The Kennedy case reflects a conflict between three constitutional values: Free Speech; Free Exercise of Religion; and freedom from governmental overreach under the Establishment Clause. Each of the three have large bodies of legal rules developed over decades. The dissenting opinion criticized the failure of the majority opinion to address the Establishment Clause aspects of Kennedy’s actions, and to conflate the school district’s concerns to only whether it would get sued for violating the Establishment Clause. The majority also did not address Kennedy’s actions in the context of interruptions to performing his duties as a coach, the impact of his actions on school programs, the impact of his actions on violations of school policy regarding public access to the field, and the impact of all his actions on the total football program. Only from the dissenting opinion did we learn that the head coach, a veteran with 11 years in the role, resigned from his position, citing fears of violence against him or his staff after Kennedy’s media appearances, and three of five other assistant coaches did not reapply to coach the next year.

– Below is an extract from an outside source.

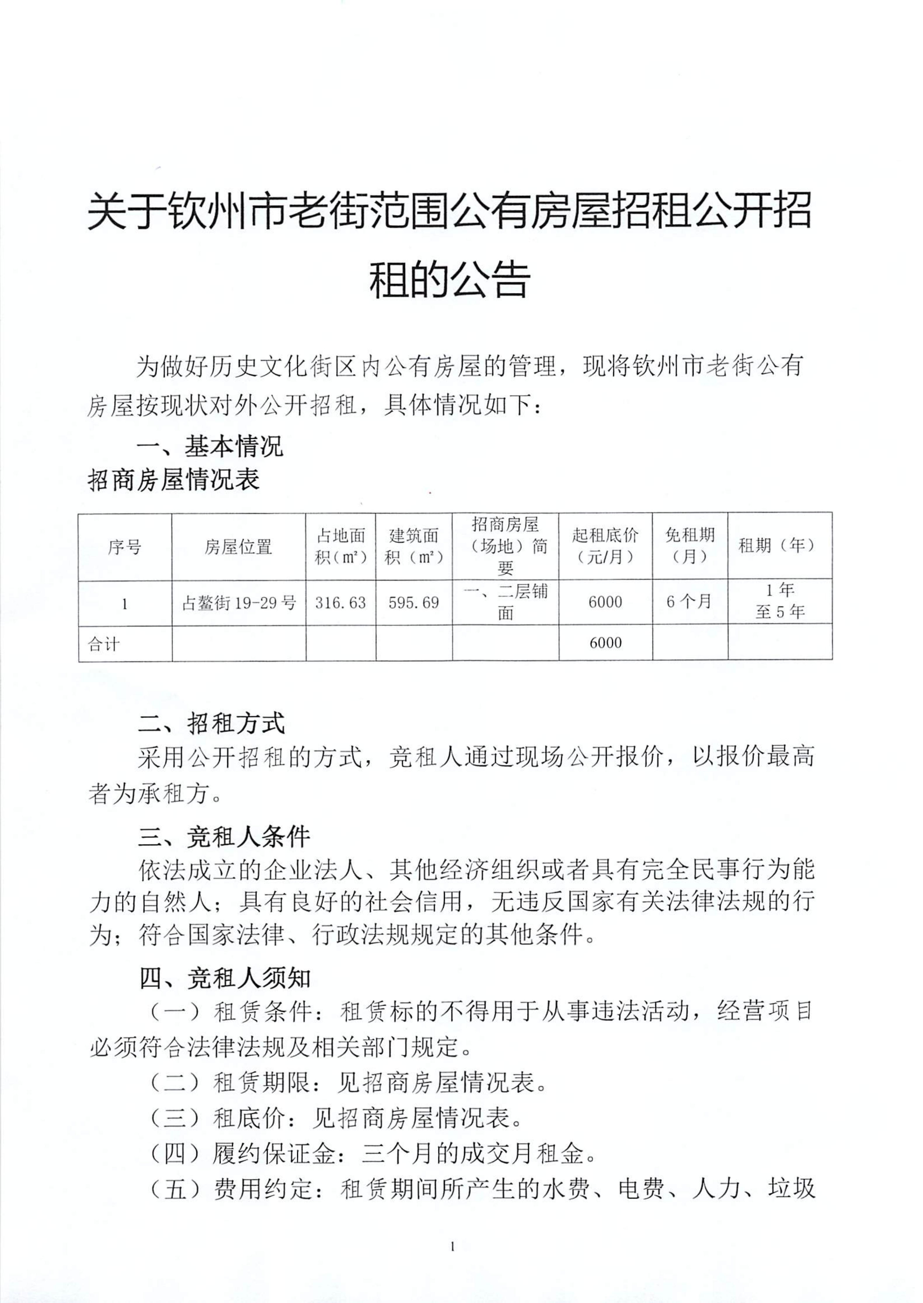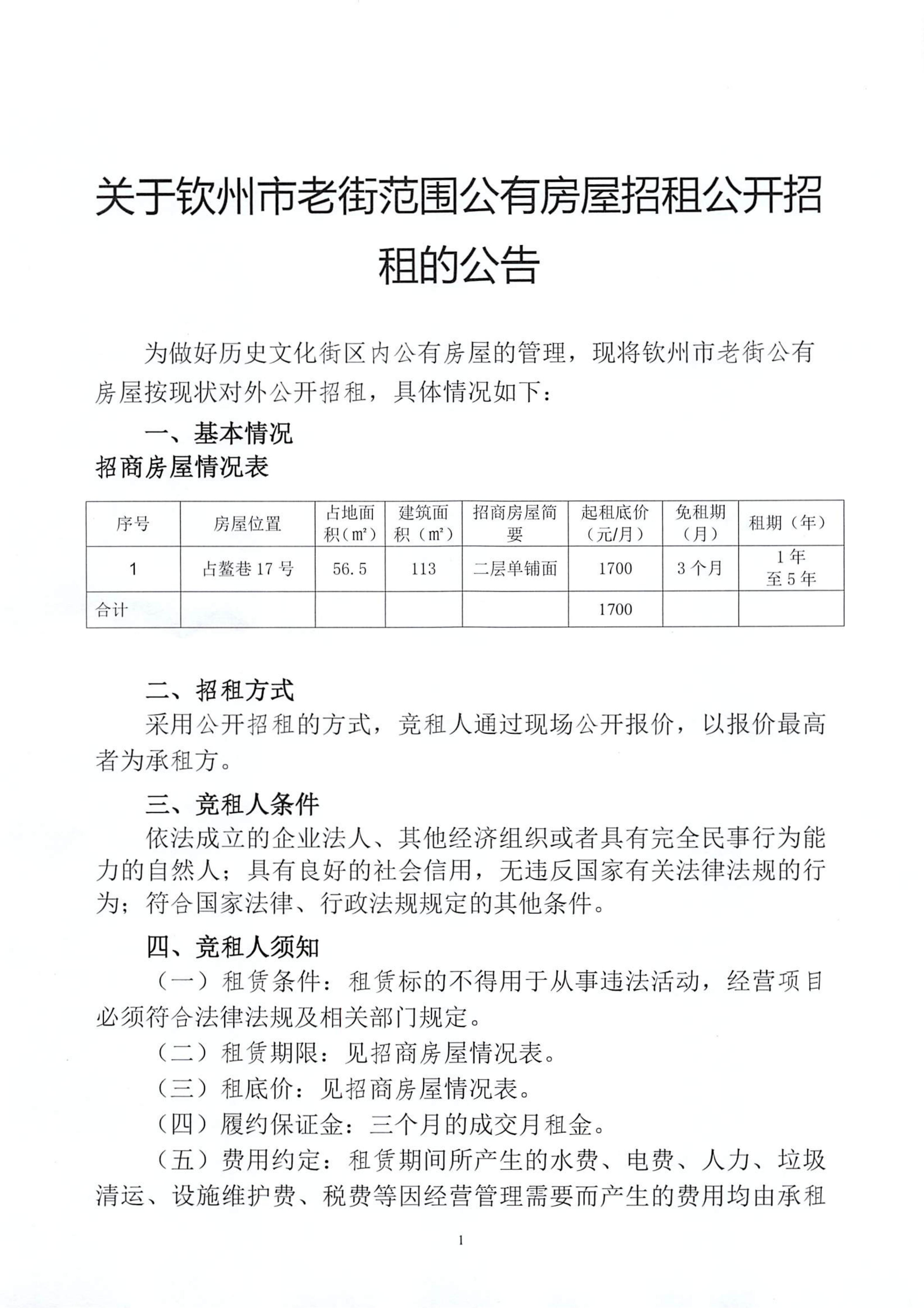 關(guān)于欽州市老街范圍公有房屋招租公開招租的公告(占鰲巷67號)

As a result of this recently-released decision from the Supreme Court, what do we recommend to school leaders in their practice? We have been taught to think about legal rules always in light of the facts. If you have a situation that is exactly identical to the situation described by Justice Gorsuch in the majority opinion, where an assistant coach habitually performs a demonstrative prayer on the football field, baseball field, or 18 th hole of the golf course immediately after a game or match, and there are no further facts to add, then you might be able to anticipate a similar outcome.
We recommend that any changes that are made in your schools as a result of this decision are small and incremental. Don’t move in any direction too abruptly. The decision doesn’t appear to overturn existing, longstanding decisions about church and state issues. It certainly doesn’t allow a teacher to open a class with prayer or a principal to hire only teachers from her church. Changes in church-state law arising from this decision will occur only during a long period of time, as existing practices get challenged, or new practices invite action from a plaintiff, and the courts will attempt to incorporate this case in decision-making. A long-term trend may be greater allowance for individual religious exercise and therefore the need for school leaders to be more accepting of individual differences in religious expression.